Task brief: Record by record, write out the listing word for word while omitting pictures.

********

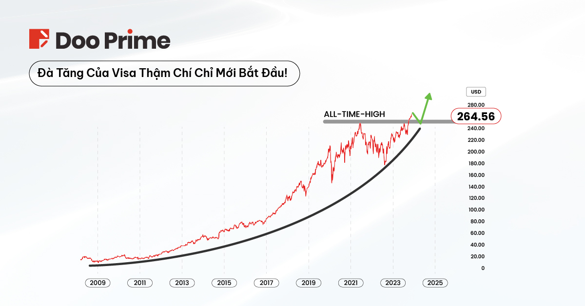 Từ góc nhìn kỹ thuật, cổ phiếu Visa đang được giao dịch ở mức cao nhất lịch sử. Điểm mua lý tưởng nhất có thể là khi giá hồi về vùng 250-240, sau đó nắm giữ dài hạn.
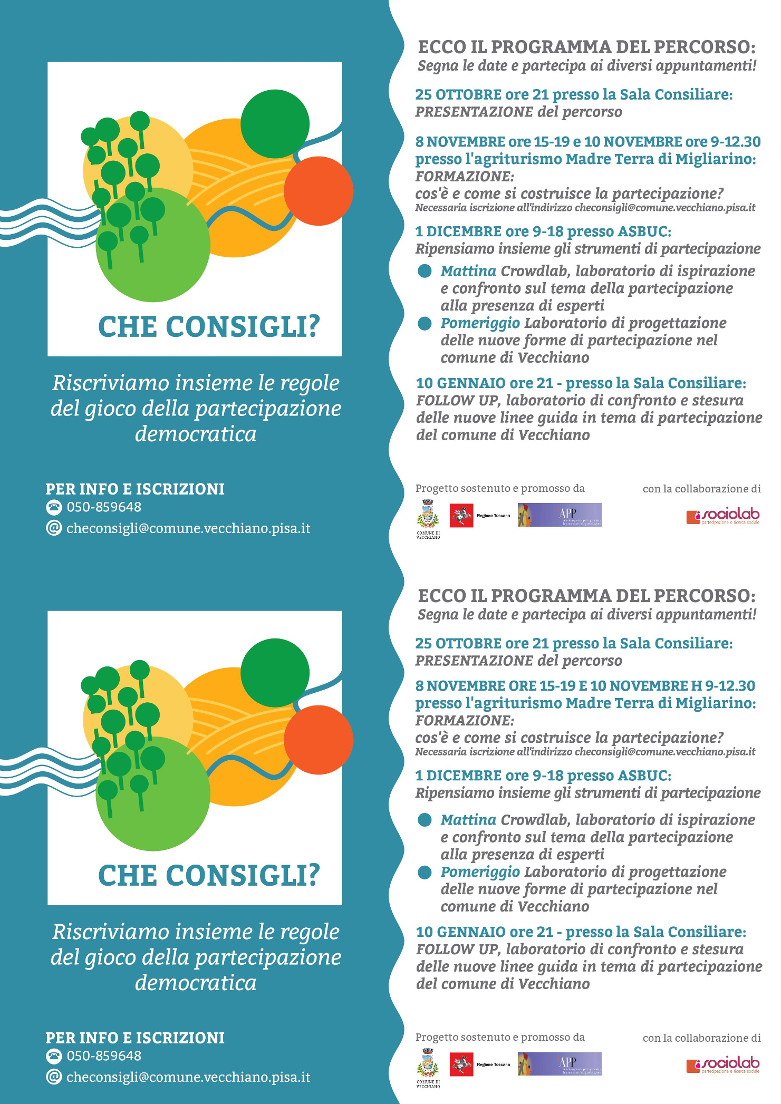 - Pomeriggio: Laboratorio di progettazione delle nuove forme di partecipazione nel Comune di Vecchiano
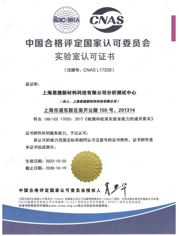 近日,上海恩捷分析測試中心通過中國合格評定國家認可委員會(簡稱:CNAS)的認可,成功躋身國家認可實驗室行列。
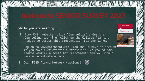 - From CHS' website, click "Counselors" under the Counseling tab. Then click on the College Planning widget to access this presentation for the links.
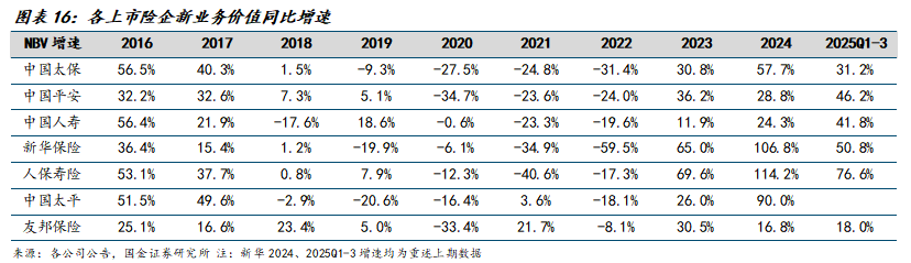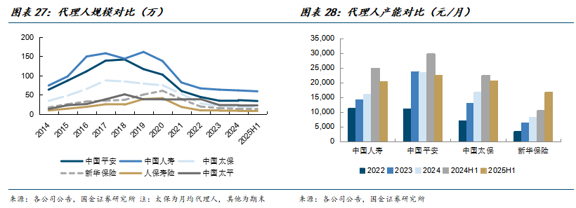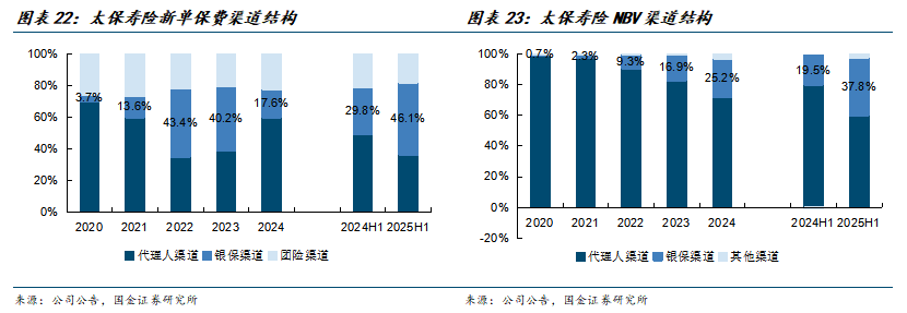 银保渠道报行合一+“1+3”合作网点限制放开,公司全力开拓银保合作网点,驱动银保渠道NBV高增,2020-2024年复合增速147.0%,价值银保成效显现。2025H1NBV同比+156.0%,未重述上期数据口径下,也实现了106.2%的高速增长,仅低于平安、新华。
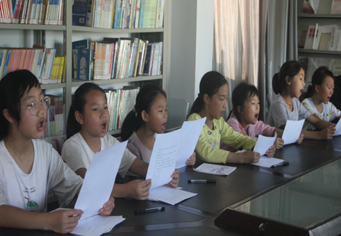 志愿者们首先向小朋友做出示范,富有感情并且读音清晰地朗读《少年中国说》,随后一句一句的领着小朋友们诵读,一字一句纠正小朋友们的字音。为了激励小朋友们更加积极,志愿者们灵机一动,采取分组的方式让小朋友们进行小组pk,专属小小少年的少年气、不服输的精神使小朋友们卖力地大声朗读。小朋友们清脆的声音使人心情愉悦,童音诵读着中国经典,传承着专属中国的文化,不忘初心让中华文化一代代源远流长。
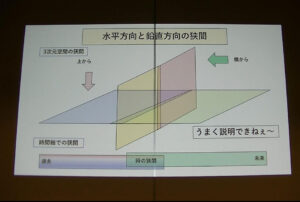 ただそれぞれの明確な説明となるとなかなか表現が難しいようで「水平方向と鉛直方向の狭間」説明するスライドには「うまく説明できねぇ~」と書いてありました。
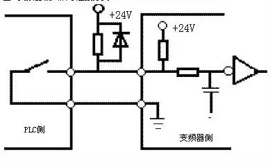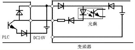 當(dāng)輸進(jìn)開關(guān)信號(hào)進(jìn)進(jìn)變頻器時(shí),有時(shí)會(huì)發(fā)生外部電源和變頻器控制電源(DC24V)之間的串?dāng)_。正確的連接是利用PLC電源,將外部晶體管的集電極經(jīng)過二極管接到PLC。如圖4所示。
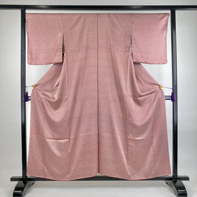 (中古) 江戸小紋 臙脂 ピンク カジュアル あられ 伊勢型 袷 SS【身丈】153.5cm【裄丈】67.5cm
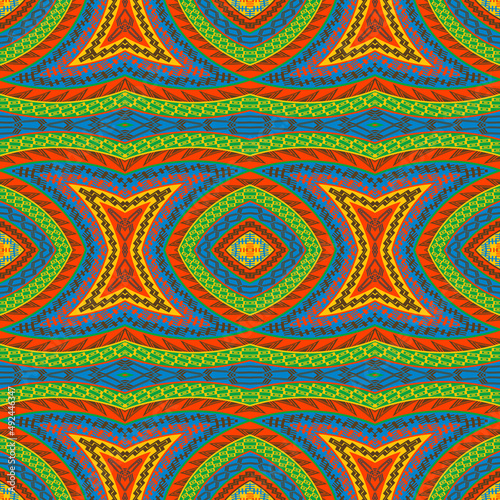 Colorful geometric decorative ethnic motifs seamless pattern
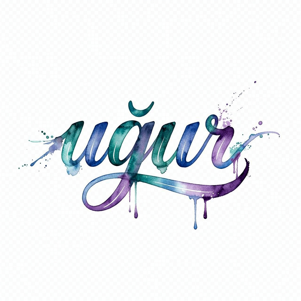 A soft, painterly watercolor tattoo design where the name Uğur appears as fluid, colorful brushstrokes.
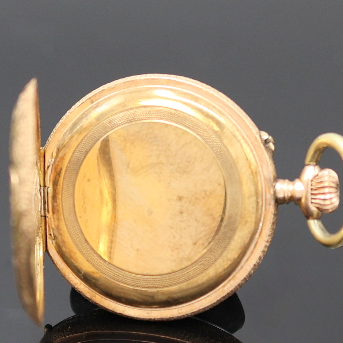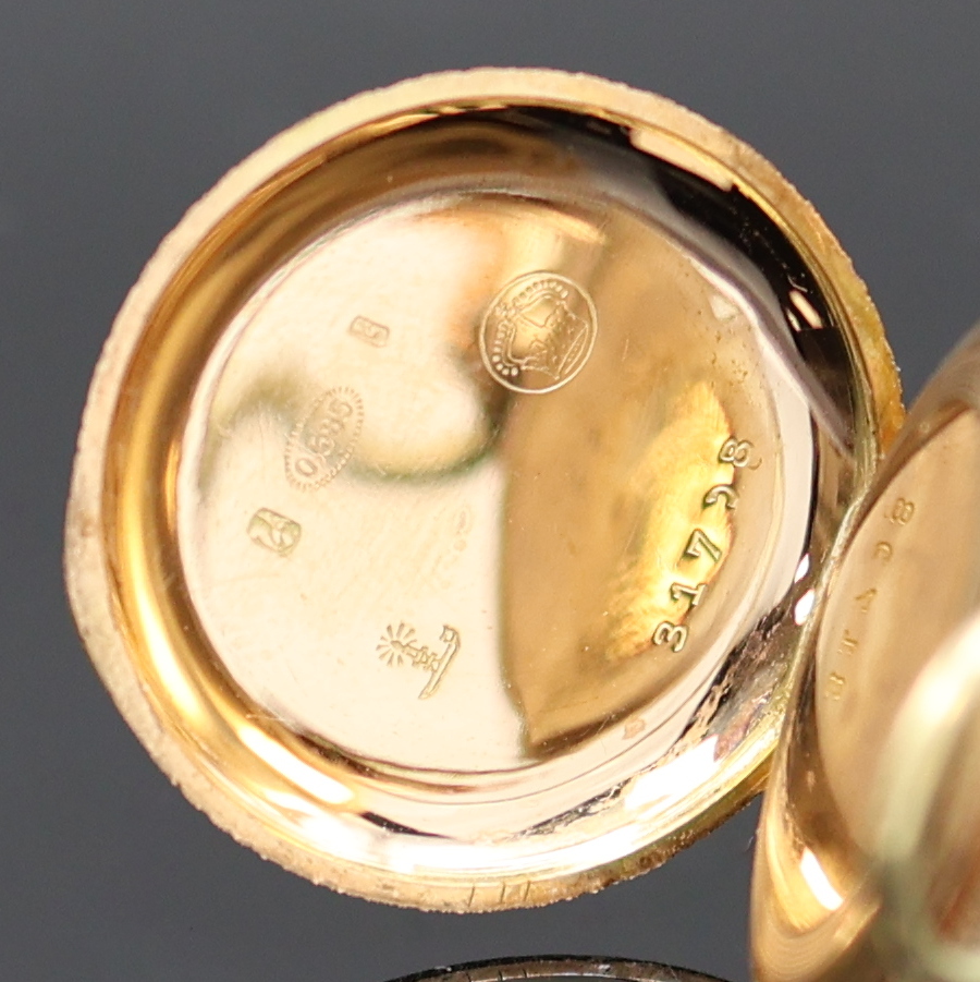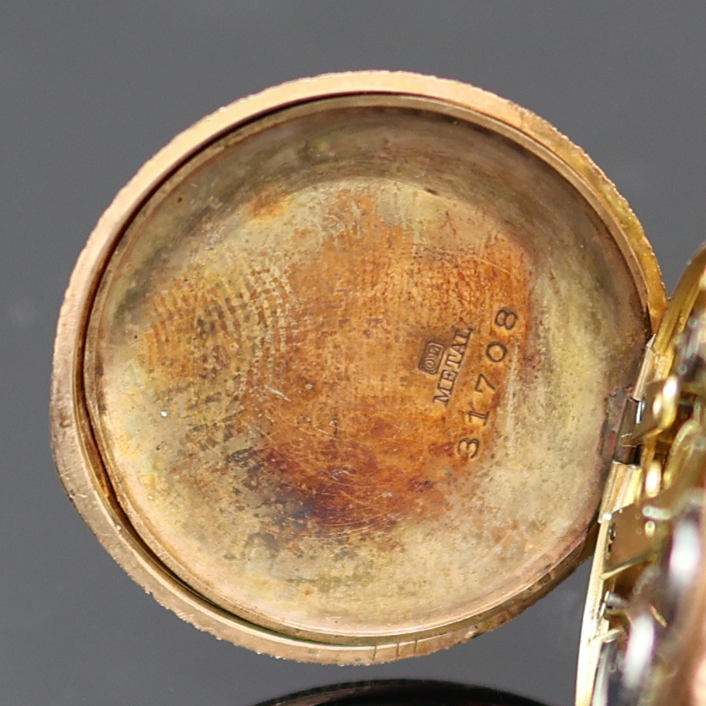 grav. 2- Deckel Goldgeh., verg. Metallcuvette, Emailzifferbl. m. röm. Std. u. goldgep.

********

Task solution:
 Từ góc nhìn kỹ thuật, cổ phiếu Visa đang được giao dịch ở mức cao nhất lịch sử. Điểm mua lý tưởng nhất có thể là khi giá hồi về vùng 250-240, sau đó nắm giữ dài hạn.
 - Pomeriggio: Laboratorio di progettazione delle nuove forme di partecipazione nel Comune di Vecchiano
 近日,上海恩捷分析測試中心通過中國合格評定國家認可委員會(簡稱:CNAS)的認可,成功躋身國家認可實驗室行列。
 - From CHS' website, click "Counselors" under the Counseling tab. Then click on the College Planning widget to access this presentation for the links.
 银保渠道报行合一+“1+3”合作网点限制放开,公司全力开拓银保合作网点,驱动银保渠道NBV高增,2020-2024年复合增速147.0%,价值银保成效显现。2025H1NBV同比+156.0%,未重述上期数据口径下,也实现了106.2%的高速增长,仅低于平安、新华。
 志愿者们首先向小朋友做出示范,富有感情并且读音清晰地朗读《少年中国说》,随后一句一句的领着小朋友们诵读,一字一句纠正小朋友们的字音。为了激励小朋友们更加积极,志愿者们灵机一动,采取分组的方式让小朋友们进行小组pk,专属小小少年的少年气、不服输的精神使小朋友们卖力地大声朗读。小朋友们清脆的声音使人心情愉悦,童音诵读着中国经典,传承着专属中国的文化,不忘初心让中华文化一代代源远流长。
 ただそれぞれの明確な説明となるとなかなか表現が難しいようで「水平方向と鉛直方向の狭間」説明するスライドには「うまく説明できねぇ~」と書いてありました。
 當(dāng)輸進(jìn)開關(guān)信號(hào)進(jìn)進(jìn)變頻器時(shí),有時(shí)會(huì)發(fā)生外部電源和變頻器控制電源(DC24V)之間的串?dāng)_。正確的連接是利用PLC電源,將外部晶體管的集電極經(jīng)過二極管接到PLC。如圖4所示。
 (中古) 江戸小紋 臙脂 ピンク カジュアル あられ 伊勢型 袷 SS【身丈】153.5cm【裄丈】67.5cm
 Colorful geometric decorative ethnic motifs seamless pattern
 A soft, painterly watercolor tattoo design where the name Uğur appears as fluid, colorful brushstrokes.
 grav. 2- Deckel Goldgeh., verg. Metallcuvette, Emailzifferbl. m. röm. Std. u. goldgep.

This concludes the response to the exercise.